Rap de niche d’une sous-culture d’analphabètes, le Klub des Loosers a marqué de son empreinte l’histoire du rap en France, se démarquant -plus que volontairement- de la meute avec des textes d’un cynisme inouï, aux antipodes des valeurs prônées par l’ensemble des rappeurs. "Vive la vie", le premier album, voit le jour en 2004, et vient bousculer le rap game avec une cruauté à rendre incontinent un illuminé de l’Etat Islamique. Cet album, c’est le sale gamin qui agite ses parties génitales devant le professeur alors qu’il est déjà au coin.

Dix ans plus tard, le Klub des Loosers, composé de Fuzati et son public, réinvestit la scène pour une tournée anniversaire de l’album , le tout saupoudré d’une sélection de morceaux issus des disques qui lui ont succédé. En Belgique, le passage est assuré à Bruxelles (première date dans la capitale en vingt ans de carrière!) au Botanique.
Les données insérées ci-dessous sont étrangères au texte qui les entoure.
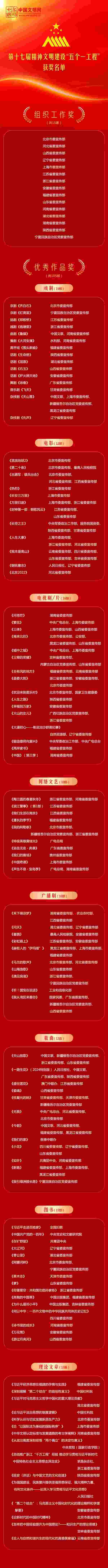 近日,中共中央宣傳部印發(fā)表彰決定,對第十七屆精神文明建設(shè)“五個(gè)一工程”組織工作先進(jìn)單位和優(yōu)秀作品進(jìn)行表彰。授予《齊白石》等15部戲劇作品、《流浪地球2》等12部電影作品、《問蒼?!返?6部電視作品、《陶三圓的春夏秋冬》等10部網(wǎng)絡(luò)文藝作品、《禾下乘涼夢》等10部廣播劇、《天山放歌》等12首歌曲,共105部作品“優(yōu)秀作品獎(jiǎng)”;授予北京、河北、山西、遼寧、上海、江蘇、浙江、安徽、福建、山東、河南、湖北、湖南、陜西、寧夏等15個(gè)省區(qū)市黨委宣傳部“組織工作獎(jiǎng)”。

C’est Romeo Elvis qui est servi en entrée aux carnassiers venus assister au concert du Klub. Dans le petit monde du rap belge, cet élancé MC parvient progressivement à se faire un nom et une réputation, aidé par une voix grave, imposante et un charisme qui l’est tout autant. Si sa plume, séduisante mais encore jeune, gagnerait à être affutée, le ket de Linkebeek peut compter sur sa prestance scénique et son sens de l’humour pour séduire son public. D’une certaine manière, on retrouve dans ce garçon les mêmes qualités et défauts qu’un James Deano, du temps où le fils du commissaire faisait encore de la musique appréciable. Samedi soir, Romeo délivre une première partie tout à fait honnête, maitrisant son sujet et dominant ses sujets, arrivant au compte-goutte pour le concert-anniversaire du roi Fuzati (dont Romeo est lui-même un grand fan, comme le clament ses textes).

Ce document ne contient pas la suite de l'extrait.